MOUNT VERNON — Companies that offer health care packages to their employees have found unexpected charges and fees on their January health insurance premium bills.
Michael Percy, Griffin Insurance, said some charges aren’t shown when he provides a quote to customers but just come up on the bill. The charges, he told the News, are mandated by the Affordable Health Care Act legislation and can include: Healthcare reform tax; market share fee; transitional reinsurance program fee; federally-facilitated exchange user fee; patient-centered research institute fee and risk adjustment user fee.
The fees, or taxes, he said, are all assessed to the carrier and then charged back to the individuals. For example, the transitional reinsurance program fee, supposed to be in effect for three years, is $5.20 per member per month. It was designed to partially subsidize individual insurance companies that cover high-cost individuals.

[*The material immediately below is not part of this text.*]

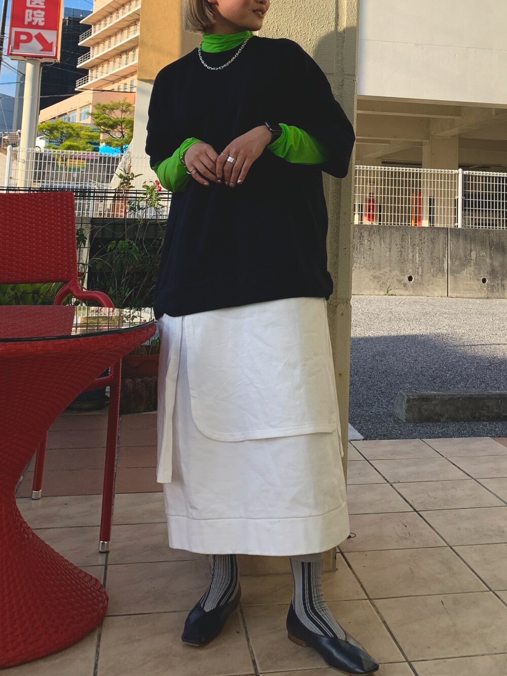 こちらもお気に入りのワンピース グリーンの差し色が良いよね レイヤードしてるように見えるけど全部繋がってるの 裏起毛だからあったかい〜 ネイビーのシューズはアウトレットでゲットしたもの🥿
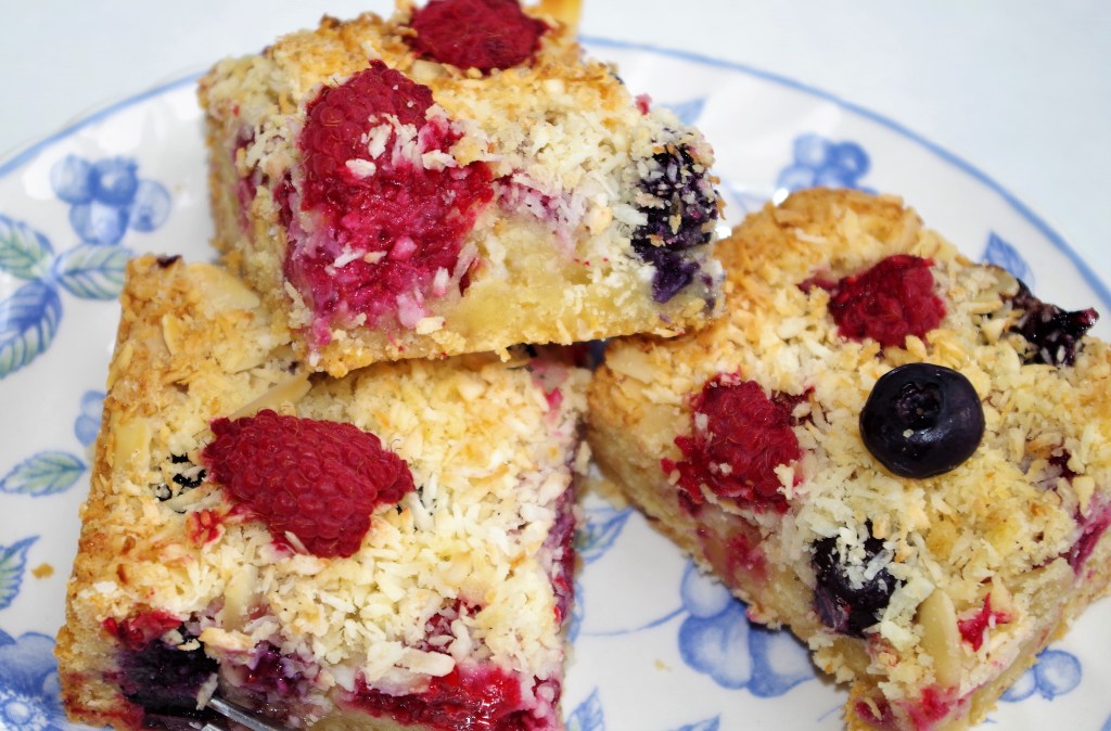 * The remaining berries will go on top shortly, but if you prefer a plainer coconut top, just put all the berries in at this stage.

“If you are (an insurance company) covering an individual that costs more than you are allowed by law to charge, the transitional reinsurance fee goes back to that company,” Percy said. “All of us are paying for those high-risk individuals now versus the high-risk individual paying it all.”
While there are no direct fees for using the federal health care exchange, there is an exchange user fee that is a 3.5 percent of premiums on all business the insurers write through the federally-facilitated exchange. It is meant to help pay for healthcare.gov, Percy said.